» Source material
[Start of Attachment]

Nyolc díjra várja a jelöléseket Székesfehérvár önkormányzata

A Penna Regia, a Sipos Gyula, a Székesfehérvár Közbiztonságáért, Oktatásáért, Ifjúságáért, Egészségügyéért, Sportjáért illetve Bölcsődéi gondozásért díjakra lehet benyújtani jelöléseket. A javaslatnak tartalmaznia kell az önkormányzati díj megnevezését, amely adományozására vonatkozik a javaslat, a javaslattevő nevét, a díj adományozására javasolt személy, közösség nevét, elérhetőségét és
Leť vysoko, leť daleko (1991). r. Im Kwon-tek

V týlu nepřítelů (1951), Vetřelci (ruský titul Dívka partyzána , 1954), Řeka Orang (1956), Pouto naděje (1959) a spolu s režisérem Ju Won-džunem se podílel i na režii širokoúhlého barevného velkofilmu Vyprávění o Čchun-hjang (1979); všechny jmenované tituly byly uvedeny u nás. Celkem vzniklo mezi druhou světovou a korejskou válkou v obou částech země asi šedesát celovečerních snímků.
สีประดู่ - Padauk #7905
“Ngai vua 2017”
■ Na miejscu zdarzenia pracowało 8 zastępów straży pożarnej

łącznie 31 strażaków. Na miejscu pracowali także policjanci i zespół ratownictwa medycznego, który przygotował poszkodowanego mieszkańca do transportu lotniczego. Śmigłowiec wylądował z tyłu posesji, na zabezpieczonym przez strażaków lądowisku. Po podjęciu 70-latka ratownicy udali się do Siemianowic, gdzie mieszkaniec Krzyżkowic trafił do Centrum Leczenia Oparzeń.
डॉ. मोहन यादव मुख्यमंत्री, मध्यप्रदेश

[End of Attachment]
[Start of Attachment]

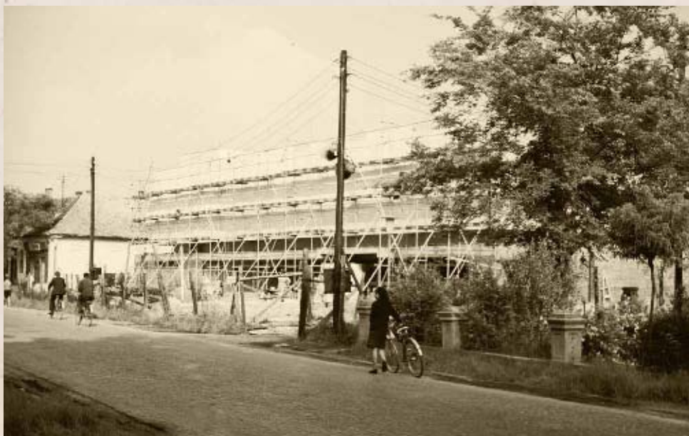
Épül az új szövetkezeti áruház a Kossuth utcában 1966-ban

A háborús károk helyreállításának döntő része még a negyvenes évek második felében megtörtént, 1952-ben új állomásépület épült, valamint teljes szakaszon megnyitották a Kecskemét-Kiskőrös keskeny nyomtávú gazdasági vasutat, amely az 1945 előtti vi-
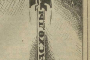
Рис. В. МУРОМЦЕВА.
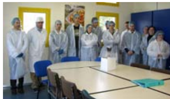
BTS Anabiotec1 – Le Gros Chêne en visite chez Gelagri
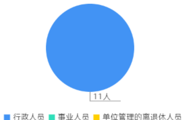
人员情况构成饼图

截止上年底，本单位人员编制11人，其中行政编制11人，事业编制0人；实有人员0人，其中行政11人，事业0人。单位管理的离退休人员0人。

[End of Attachment]
[Start of Attachment]

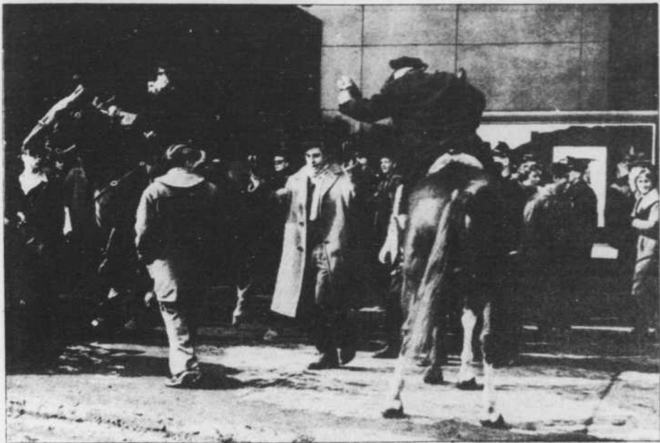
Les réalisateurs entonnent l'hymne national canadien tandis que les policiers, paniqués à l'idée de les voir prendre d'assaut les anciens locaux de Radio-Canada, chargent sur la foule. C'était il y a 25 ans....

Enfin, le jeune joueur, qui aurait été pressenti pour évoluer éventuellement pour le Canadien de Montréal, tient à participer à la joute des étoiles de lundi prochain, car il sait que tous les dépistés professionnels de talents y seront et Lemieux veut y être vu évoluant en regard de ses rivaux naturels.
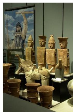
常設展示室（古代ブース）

[End of Attachment]

Set down exactly the lines of the data above, beginning with the line that has "Nyolc díjra várja" and ending with the line that has "Leť vysoko, leť daleko (1991). r. Im Kwon-tek", and no others.

» Exercise solution
Nyolc díjra várja a jelöléseket Székesfehérvár önkormányzata

A Penna Regia, a Sipos Gyula, a Székesfehérvár Közbiztonságáért, Oktatásáért, Ifjúságáért, Egészségügyéért, Sportjáért illetve Bölcsődéi gondozásért díjakra lehet benyújtani jelöléseket. A javaslatnak tartalmaznia kell az önkormányzati díj megnevezését, amely adományozására vonatkozik a javaslat, a javaslattevő nevét, a díj adományozására javasolt személy, közösség nevét, elérhetőségét és
Leť vysoko, leť daleko (1991). r. Im Kwon-tek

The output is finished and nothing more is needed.